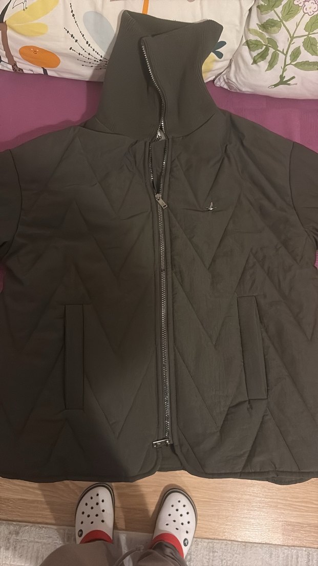 Haki renk yüksek yakalı ve fermuarlı kadın ceketi. Sentetik kumaştan, uzun kollu ve midi boyda, sokak stili ve athleisure için uygun.
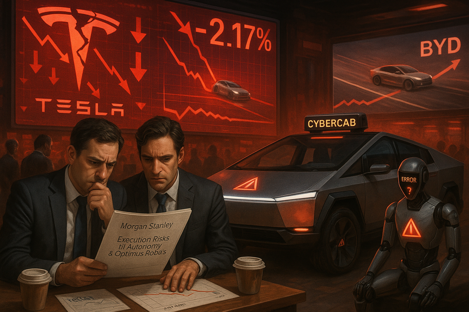 Conceptual illustration of Morgan Stanley's Tesla downgrade, showing stock decline, autonomy and robot risks amid EV competition.
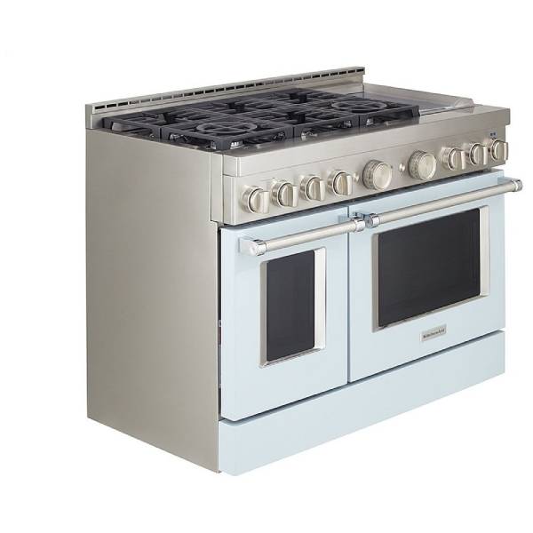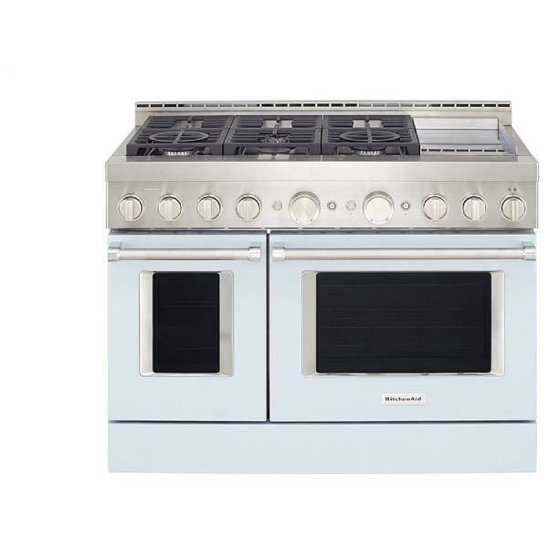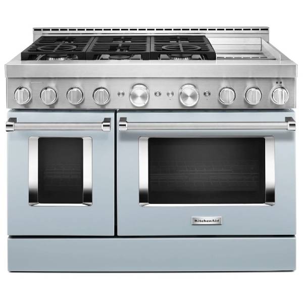 KitchenAid KFGC558JMB Gas Range, 48 inch Exterior Width, Self Clean, Convection, 6 Burners, 6.3 cu. ft. Capacity, 2 Ovens, Misty Blue colour True European Convection, Griddle, Telescopic Gliding Extension Rack, Temperature Probe
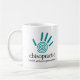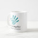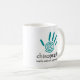 Esta taza de la quiropráctica ofrece una impresión y un texto espirales verde azulados de la mano que diga la "quiropráctica - salud sin una prescripción."
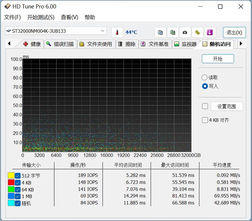 接下來是隨機訪問性能測試,希捷銀河Exos32TB隨機讀取速度平均值爲35.074MB/s,隨機吞吐量爲69IOPS。

■ ■ ■

**Work order:**
Repeat every record above exactly, but drop the pictures.

**Result for this exercise:**
 Haki renk yüksek yakalı ve fermuarlı kadın ceketi. Sentetik kumaştan, uzun kollu ve midi boyda, sokak stili ve athleisure için uygun.
 Conceptual illustration of Morgan Stanley's Tesla downgrade, showing stock decline, autonomy and robot risks amid EV competition.
 KitchenAid KFGC558JMB Gas Range, 48 inch Exterior Width, Self Clean, Convection, 6 Burners, 6.3 cu. ft. Capacity, 2 Ovens, Misty Blue colour True European Convection, Griddle, Telescopic Gliding Extension Rack, Temperature Probe
 Esta taza de la quiropráctica ofrece una impresión y un texto espirales verde azulados de la mano que diga la "quiropráctica - salud sin una prescripción."
 接下來是隨機訪問性能測試,希捷銀河Exos32TB隨機讀取速度平均值爲35.074MB/s,隨機吞吐量爲69IOPS。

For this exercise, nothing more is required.